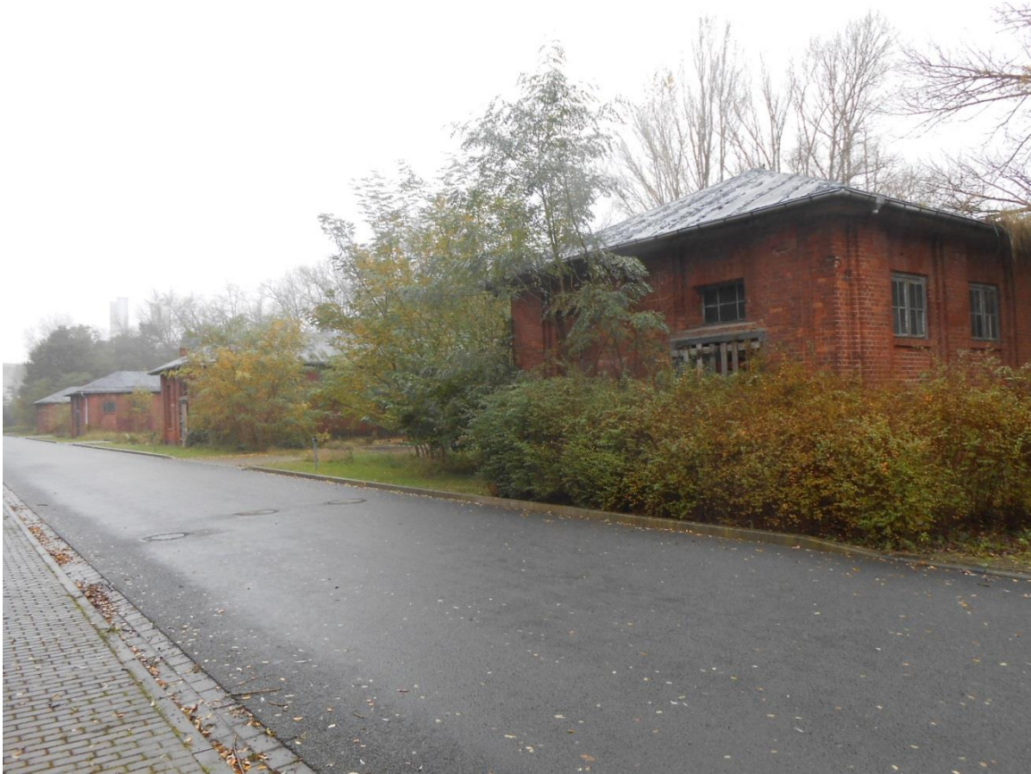
Gebäude 304 (Foto unten) und 305 (Foto oben) im Oktober 2017
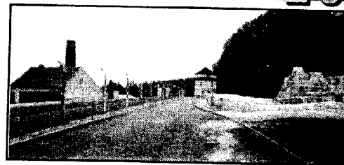
Зоопарк в Бухенвальде

Сколько лет еще существовать этому памятнику? Психологически слишком тяжело там находиться даже короткое время, а что говорить о людях, которые работают в мемориальном комплексе, говорит, что не я одна задаю такой вопрос. Может быть, еще 50 лет это место будет посещаться, пока живы бывшие узники Бухенвальда или родственники погибших. Может быть, потом здесь будет построен новый район разросшего Веймара. Только бы история не повторилась еще раз!
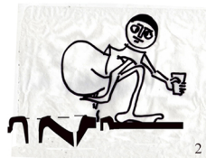
2. Use third hole for cleaning
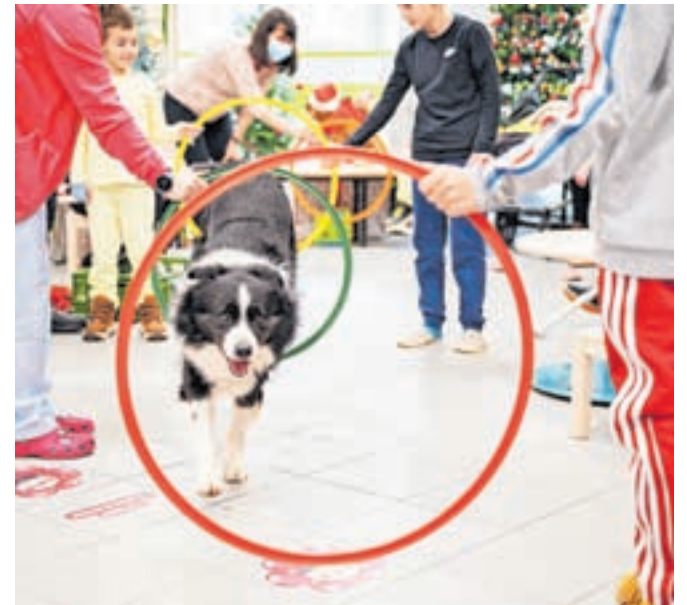
Štirinožni kosmatinci so otrokom prikazali svoje spretnosti, tudi skakanje skozi obroče.
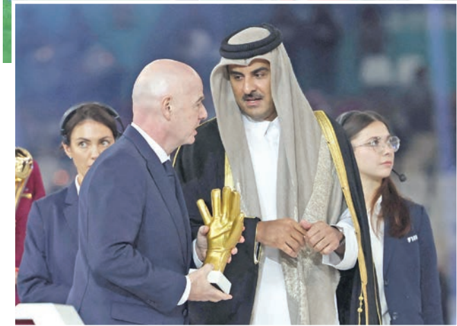
منتخب المغرب بعد فوزه بكأس العرب وفي الإطار الأمير تميم وإنفانتينو
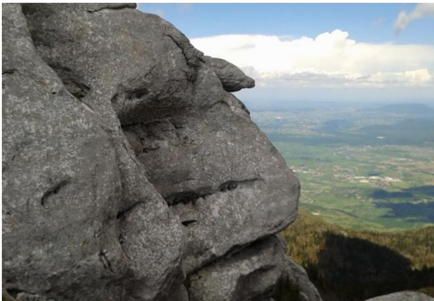
s Ličke Plješivice
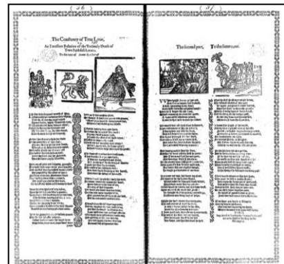
真の愛の貞節、誠実な恋人たちの早すぎる死 (1635年) ロマンズは大いに好まれた
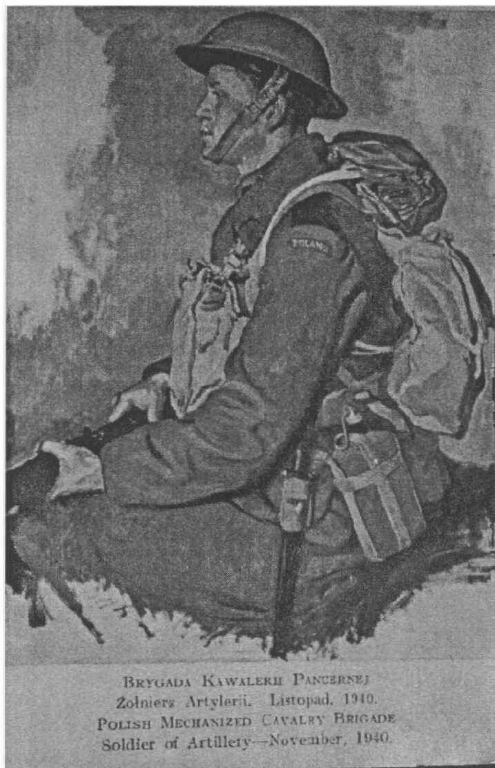
"Brygada Kawalerii Pancernej Żołnierz Artylerii. Listopad 1940 r. Polish Mechanized Cavalry Brigade Soldier of Artillery - November, 1940". Pocztówka ze zbiorów Muzeum Miejskiego w Zabrzu.

* * * * * * * * *

In the reply, give again exactly the lines from the beginning of the entries above through the line with "Зоопарк в Бухенвальде"; pictures stay out.

Gebäude 304 (Foto unten) und 305 (Foto oben) im Oktober 2017
Зоопарк в Бухенвальде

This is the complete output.